§ INPUT:
#####
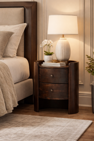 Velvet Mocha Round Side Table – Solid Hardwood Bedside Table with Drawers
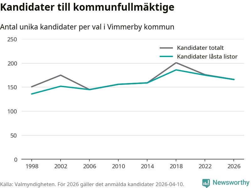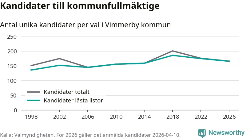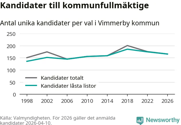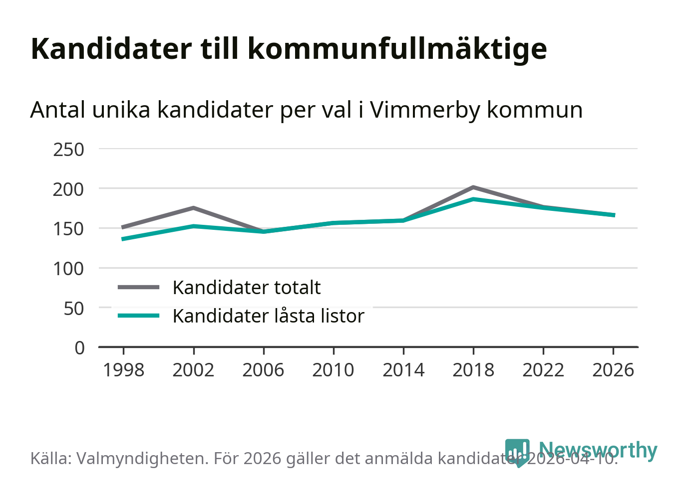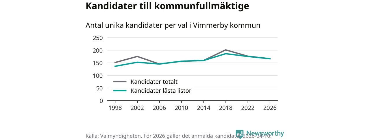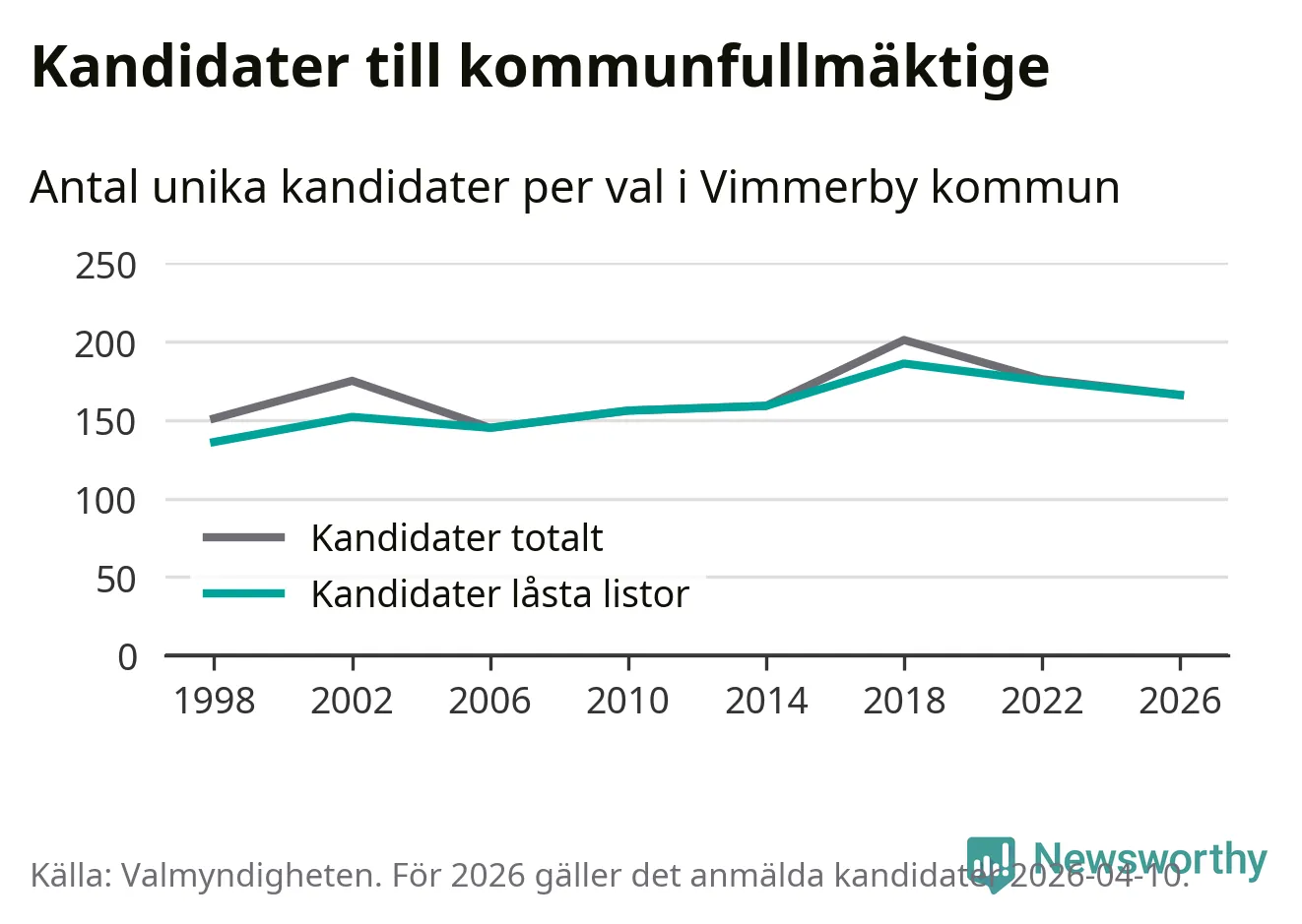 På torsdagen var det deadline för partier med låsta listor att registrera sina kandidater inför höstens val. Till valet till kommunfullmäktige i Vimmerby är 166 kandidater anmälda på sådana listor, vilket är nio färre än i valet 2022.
#####
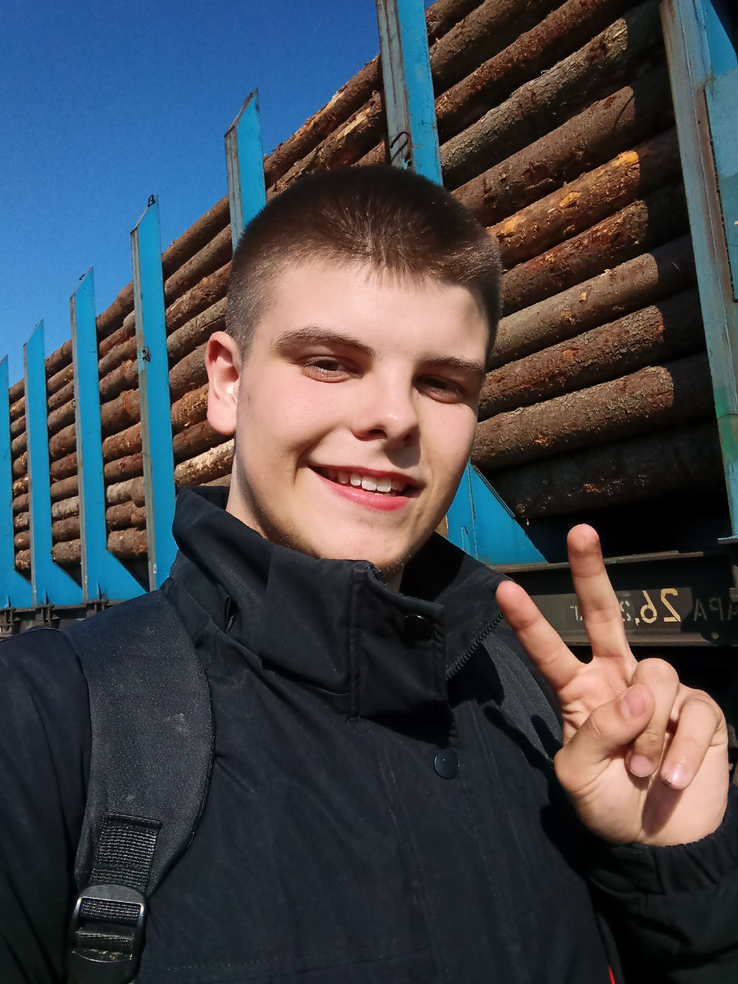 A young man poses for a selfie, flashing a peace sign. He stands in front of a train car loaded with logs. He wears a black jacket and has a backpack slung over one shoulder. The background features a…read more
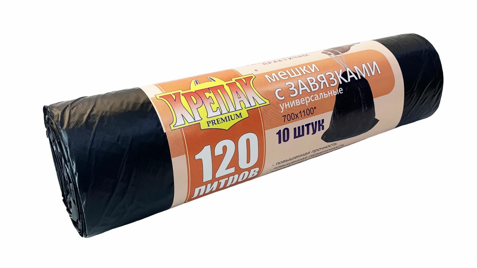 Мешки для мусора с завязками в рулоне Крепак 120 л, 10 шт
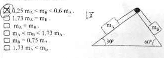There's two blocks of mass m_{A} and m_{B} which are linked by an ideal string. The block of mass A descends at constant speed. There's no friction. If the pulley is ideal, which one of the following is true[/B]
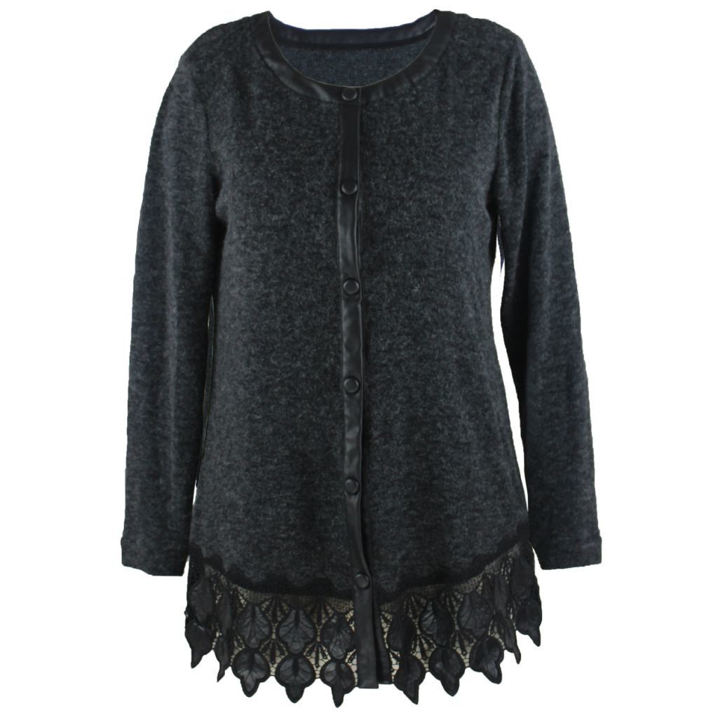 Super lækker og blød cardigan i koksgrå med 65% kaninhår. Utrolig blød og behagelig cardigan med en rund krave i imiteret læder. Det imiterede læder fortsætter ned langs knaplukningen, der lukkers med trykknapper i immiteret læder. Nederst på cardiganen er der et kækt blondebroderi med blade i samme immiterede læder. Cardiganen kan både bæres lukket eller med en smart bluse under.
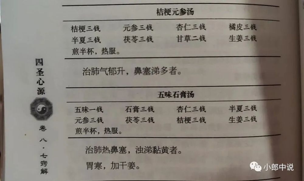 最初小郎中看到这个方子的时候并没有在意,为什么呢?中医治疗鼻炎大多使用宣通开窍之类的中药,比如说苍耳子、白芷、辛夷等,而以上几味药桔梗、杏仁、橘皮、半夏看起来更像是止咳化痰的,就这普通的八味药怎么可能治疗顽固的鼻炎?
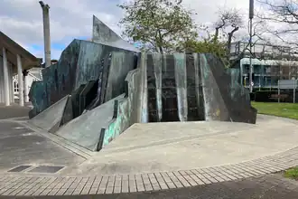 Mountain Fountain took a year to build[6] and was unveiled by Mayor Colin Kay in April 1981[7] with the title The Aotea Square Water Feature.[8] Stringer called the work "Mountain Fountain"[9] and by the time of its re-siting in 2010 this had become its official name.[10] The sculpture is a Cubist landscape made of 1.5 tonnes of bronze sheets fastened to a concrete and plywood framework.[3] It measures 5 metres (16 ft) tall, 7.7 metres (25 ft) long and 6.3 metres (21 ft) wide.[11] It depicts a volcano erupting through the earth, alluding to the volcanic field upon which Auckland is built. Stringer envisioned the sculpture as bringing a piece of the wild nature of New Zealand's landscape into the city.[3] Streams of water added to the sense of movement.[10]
#####
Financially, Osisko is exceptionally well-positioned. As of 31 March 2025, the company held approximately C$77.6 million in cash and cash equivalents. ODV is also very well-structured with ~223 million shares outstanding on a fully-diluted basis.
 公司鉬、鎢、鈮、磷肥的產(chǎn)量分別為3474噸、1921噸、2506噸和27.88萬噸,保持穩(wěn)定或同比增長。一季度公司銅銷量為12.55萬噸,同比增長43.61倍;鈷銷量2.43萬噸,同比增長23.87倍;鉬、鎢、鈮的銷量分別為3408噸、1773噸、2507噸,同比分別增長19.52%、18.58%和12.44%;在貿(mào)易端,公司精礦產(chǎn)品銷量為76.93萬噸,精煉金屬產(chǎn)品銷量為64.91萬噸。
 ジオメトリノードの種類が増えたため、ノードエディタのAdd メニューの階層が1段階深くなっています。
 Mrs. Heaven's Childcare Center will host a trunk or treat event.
#####
§ WHAT TO WORK ON: Write back word for word every line in the entries above from the one with "Мешки для мусора" to the one with "There's two blocks", ends included, and none of the pictures.

§ RESULT:
 Мешки для мусора с завязками в рулоне Крепак 120 л, 10 шт
There's two blocks of mass m_{A} and m_{B} which are linked by an ideal string. The block of mass A descends at constant speed. There's no friction. If the pulley is ideal, which one of the following is true[/B]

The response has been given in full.